Examples abound: "An eye for an eye." Or, Christianity's "Just War" theologies vs. "Living in peace and love with one's neighbor." Another, "Obeying God's Ten Commandments" coupled with the ills of religious Legalism, Hedonism, Materialism, Secularism, and any other 'ism you might think of. Or finally, what to do with Jesus' "Sermon on the Mount" which seems to replace God's Ten Commandments? Reading the bible literally can, and does, present challenges to the Christian faith.
For many exegetes, the word literal is an unfortunate word to be using when interpreting Scripture. But so too is the word symbolical. Those who haven't been taught to read the bible literally have been raised in alternative Reformed traditions of reading Scripture symbolically, metaphorically, or allegorically.
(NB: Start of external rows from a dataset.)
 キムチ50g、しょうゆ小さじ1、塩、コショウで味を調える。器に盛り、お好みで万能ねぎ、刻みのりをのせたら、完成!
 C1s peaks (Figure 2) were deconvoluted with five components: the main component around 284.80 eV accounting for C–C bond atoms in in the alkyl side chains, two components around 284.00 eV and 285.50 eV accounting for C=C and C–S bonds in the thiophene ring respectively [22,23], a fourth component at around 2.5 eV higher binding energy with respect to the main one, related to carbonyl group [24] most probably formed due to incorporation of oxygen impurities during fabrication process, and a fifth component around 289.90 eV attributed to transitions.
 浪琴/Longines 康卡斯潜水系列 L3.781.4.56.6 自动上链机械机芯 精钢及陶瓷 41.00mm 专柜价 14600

Yes, I believe I said it right. The Reformed tradition is so old and so large as to allow in its early days allegorical interpretation as well as later literal interpretation which arose out of it when Gutenberg's Printing Press (see here and here) began to get the bible's pages out of the monk's hands and into the hands of the commoner.
In Germany, around 1440, goldsmith Johannes Gutenberg invented the printing press, which started the Printing Revolution. Modelled on the design of existing screw presses, a single Renaissance printing press could produce up to 3,600 pages per workday, compared to forty by hand-printing and a few by hand-copying.
My German/English seminary professor, Dr. Carl Hoch, would list out 40 different ways the word literal was not literal and misleading to interpreting Scripture. God help me but I wish I could remember that list. Dear Carl was quite humorous to listen to when he got all worked up in his litany of word-tyrannies. When he did, you dropped your pen and stopped any note taking, sat back, and listened with a smile on your face as he rambled on-and-on with no foreseable off-ramp ahead. Lord, how I miss my friend and mentor! (refer to the tongue-in-cheek essay on the word "literally" placed at bottom of this post by Boston.com/Staff)
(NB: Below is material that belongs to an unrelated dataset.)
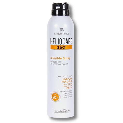 | Cantabria Labs Heliocare 360 Spray Invisible SPF50 | Todo tipo | Fernblock®+ | Protección completa, reparación del daño solar | Fácil aplicación, rápida absorción | Solo corporal, formato spray |

And so, like the word literal, these allegorical interpretive ways of reading the bible may misdirect, or not allow further considerations of an idea within a textual passage. Both approaches cloud the reading of Scripture and its apprehension. How so? Basically our language and contemporary cultural gets in the way of understanding ancient ways of speaking and communicating with one another back when the passages were composed over their long periods of oral collection.

Playing Fast-and-Loose with the Word Inerrancy

Yet the Chicago Statement of Inerrancy was signed by many prominent evangelicals of the time (as an aside, I believe one of my favs, Dr. Clark Pinnock, made his decision to not sign the statement and began his positive drift away from such hard-headed Christian epistemology).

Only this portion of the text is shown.